■ Task details:
In your copy, set down the entries exactly and exclude the pictures.

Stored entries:
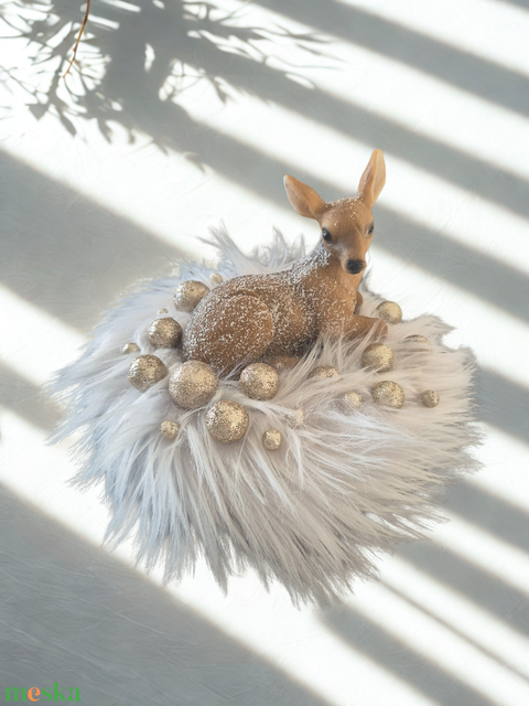 Elegáns őzikés téli asztaldísz arany fényekkel
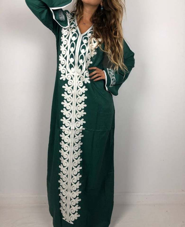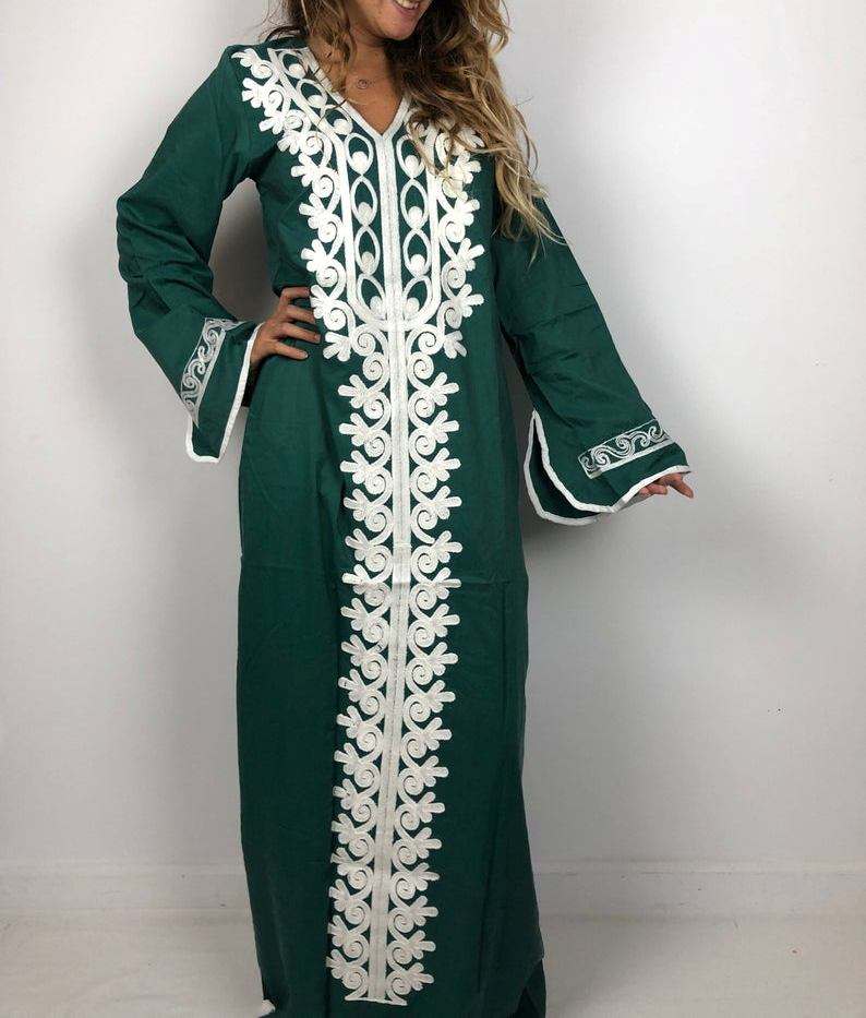 Traditional Mexican Style Elegant Summer Satin Dress Front Flower Embroidery V-Neck Long Sleeves Woven Floral Pattern Zipper
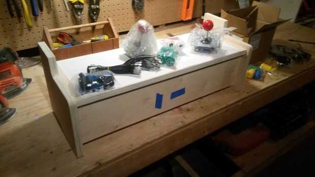 En ese momento salté a derecho en la construcción de la caja que albergará los botones y palancas de mando. Yo llamo a esto la caja de control de joystick. En mi diseño se trata de una caja que sobresale fuera de la tabla en el lado del jugador. Algunos pensamientos y consejos:
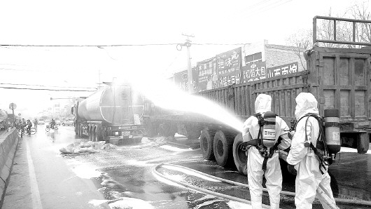 17日早上6点多,在东昌府区沙镇中心街,两辆车在十字路口发生撞击,导致一辆载有30吨汽油的槽罐车发生泄漏,由于事故现场位于闹市区,人口密集,一旦引起火灾,将造成巨大次生灾害的发生。6点38分,聊城市公安消防支队接警后,立即调集2个消防中队和战勤保障大队、8台消防车、40余名消防指战员赴现场处置。同时,消防支队启动化学危险品运输车辆事故处置预案,市政府应急办启动应急联动预案,公安、安监、交通、供电、镇政府等相关联动单位、部门赶赴现场配合处置。
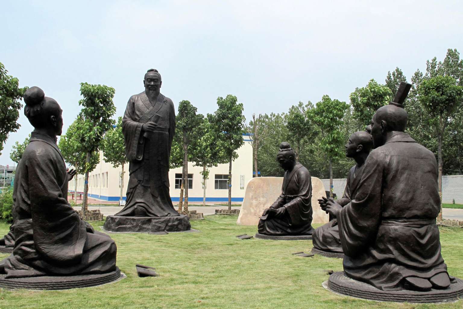 Sculptures of Confucius with his students are seen near the headquarters office building of Chambroad Holding in Boxing, Shandong Province, China, June 27.
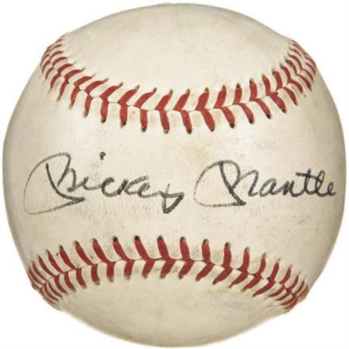 <B>Circa 1970 Mickey Mantle Single Signed Baseball.</B></I> While we freely admit that Mantle singles aren't exactly rare in the collecting hobby, this special offering is a cut above the typical example. The Mick's 10/10 black ink sweet spot signature clearly predates the autograph show era, perhaps even applied during Mantle's final seasons as a player. The ball itself is earlier still, an OAL (Harridge) sphere that could be no later than Joe Cronin's assumption of the American League presidential role in 1959. The ball appears to exhibit some game use but still presents very nicely, as our catalog photography should effectively indicate. <I>LOA from PSA/DNA. LOA from James Spence Authentication.</B></I><BR><BR><b>Shipping:</b> Balls, Pucks, etc., Small (<a target="_blank" href="http://www.heritageauctions.com/common/shipping.php">view shipping information</a>)
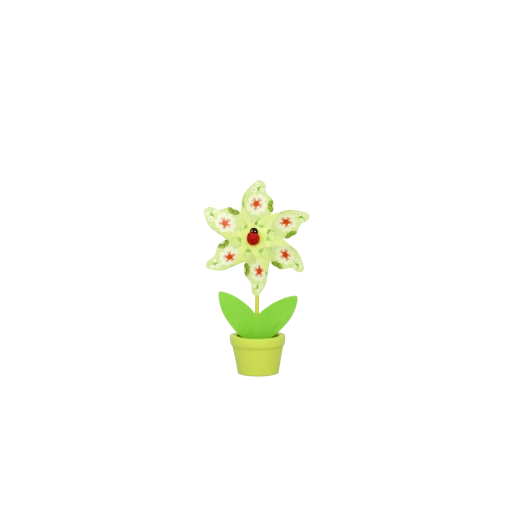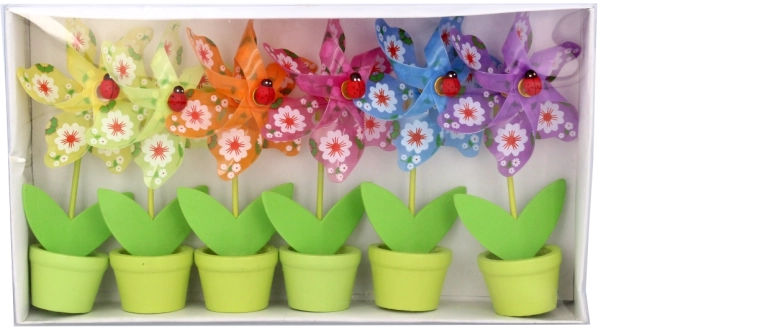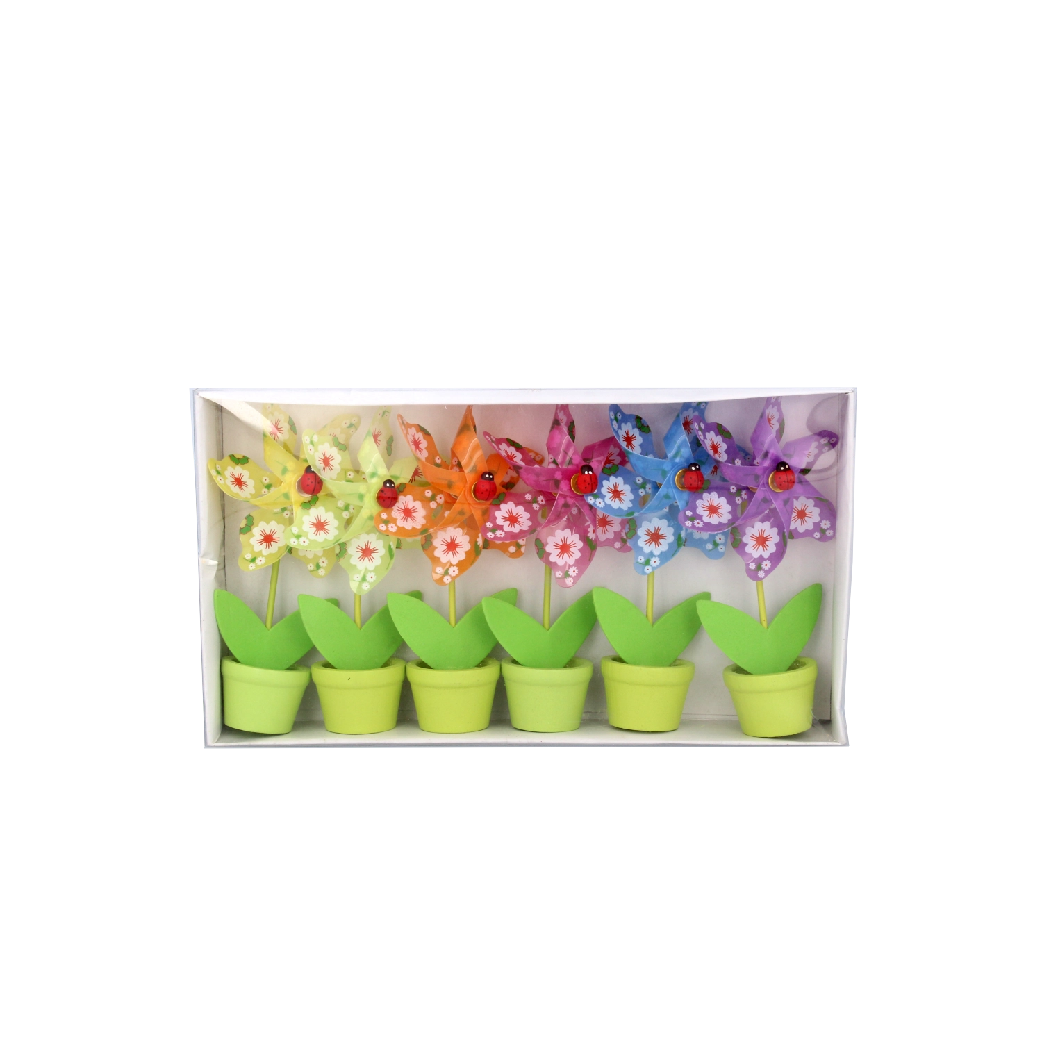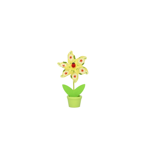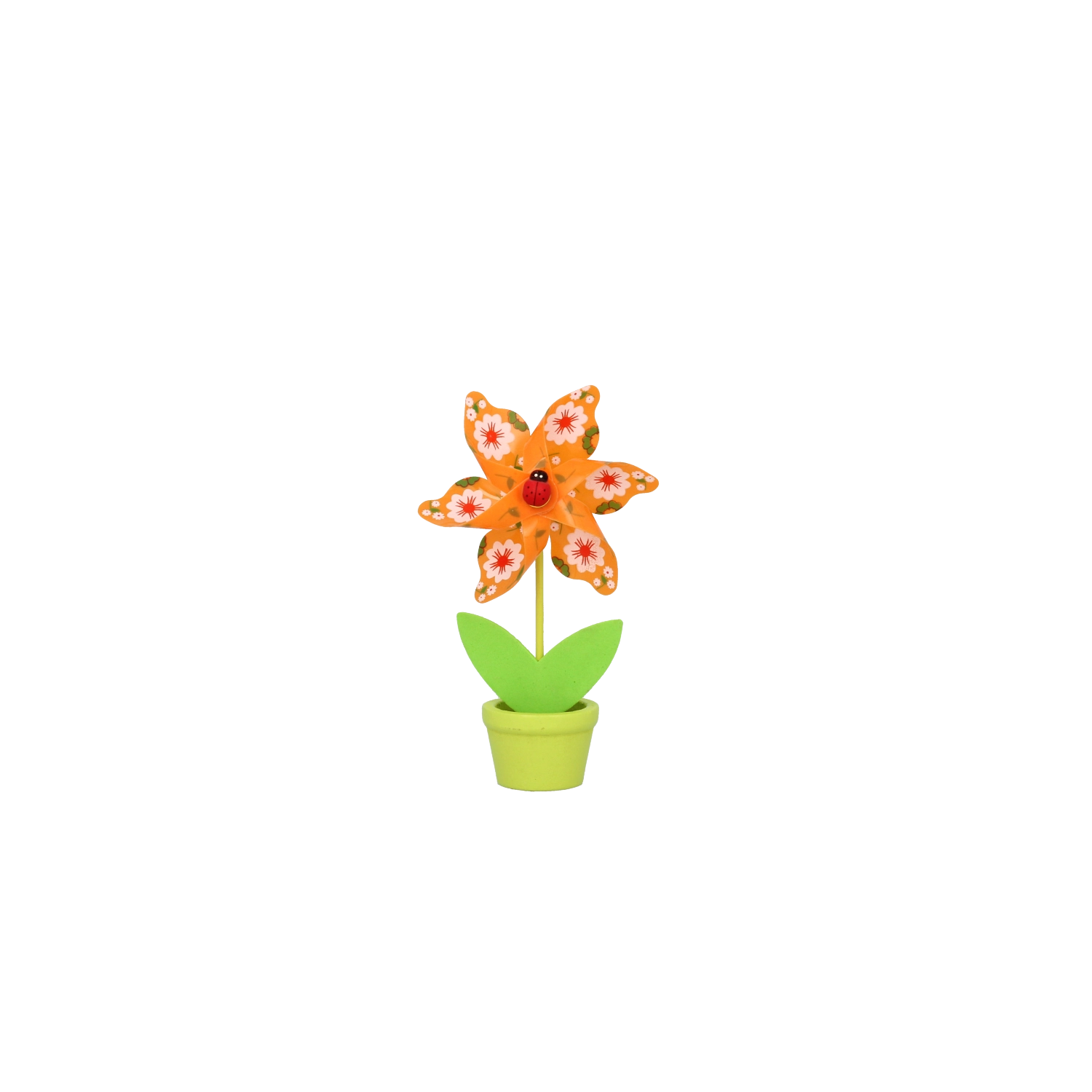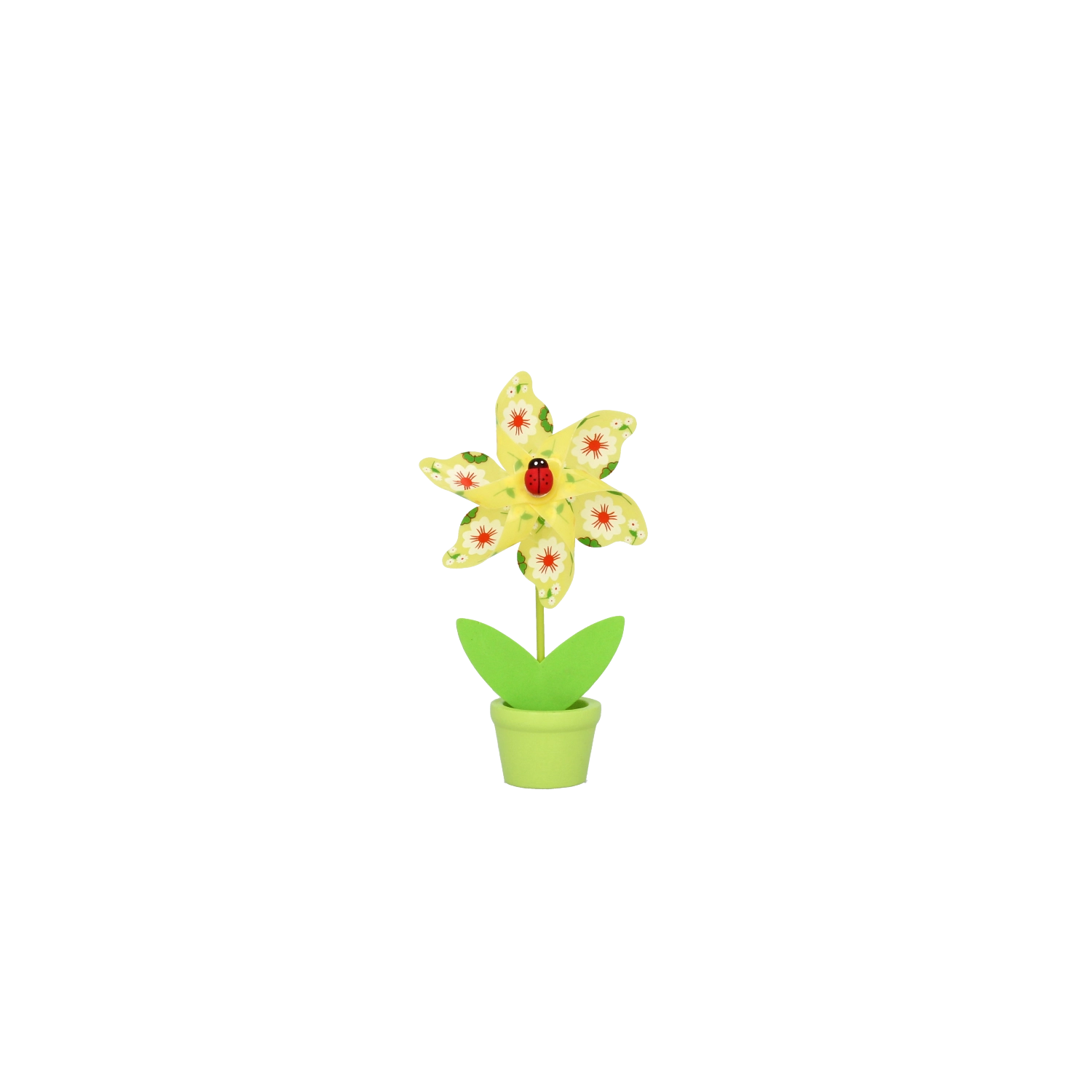 Înviorați interiorul sau colțișorul pentru copii cu morișca colorată cu buburuză într-un mini ghiveci. Ușoară și stabilă, se învârte chiar și la o adiere fină și aduce spațiului veselie și culoare. Datorită dimensiunilor compacte, este perfectă pentru birou, raft sau pervaz.

■ Exercise answer:
 Elegáns őzikés téli asztaldísz arany fényekkel
 Traditional Mexican Style Elegant Summer Satin Dress Front Flower Embroidery V-Neck Long Sleeves Woven Floral Pattern Zipper
 En ese momento salté a derecho en la construcción de la caja que albergará los botones y palancas de mando. Yo llamo a esto la caja de control de joystick. En mi diseño se trata de una caja que sobresale fuera de la tabla en el lado del jugador. Algunos pensamientos y consejos:
 17日早上6点多,在东昌府区沙镇中心街,两辆车在十字路口发生撞击,导致一辆载有30吨汽油的槽罐车发生泄漏,由于事故现场位于闹市区,人口密集,一旦引起火灾,将造成巨大次生灾害的发生。6点38分,聊城市公安消防支队接警后,立即调集2个消防中队和战勤保障大队、8台消防车、40余名消防指战员赴现场处置。同时,消防支队启动化学危险品运输车辆事故处置预案,市政府应急办启动应急联动预案,公安、安监、交通、供电、镇政府等相关联动单位、部门赶赴现场配合处置。
 Sculptures of Confucius with his students are seen near the headquarters office building of Chambroad Holding in Boxing, Shandong Province, China, June 27.
 <B>Circa 1970 Mickey Mantle Single Signed Baseball.</B></I> While we freely admit that Mantle singles aren't exactly rare in the collecting hobby, this special offering is a cut above the typical example. The Mick's 10/10 black ink sweet spot signature clearly predates the autograph show era, perhaps even applied during Mantle's final seasons as a player. The ball itself is earlier still, an OAL (Harridge) sphere that could be no later than Joe Cronin's assumption of the American League presidential role in 1959. The ball appears to exhibit some game use but still presents very nicely, as our catalog photography should effectively indicate. <I>LOA from PSA/DNA. LOA from James Spence Authentication.</B></I><BR><BR><b>Shipping:</b> Balls, Pucks, etc., Small (<a target="_blank" href="http://www.heritageauctions.com/common/shipping.php">view shipping information</a>)
 Înviorați interiorul sau colțișorul pentru copii cu morișca colorată cu buburuză într-un mini ghiveci. Ușoară și stabilă, se învârte chiar și la o adiere fină și aduce spațiului veselie și culoare. Datorită dimensiunilor compacte, este perfectă pentru birou, raft sau pervaz.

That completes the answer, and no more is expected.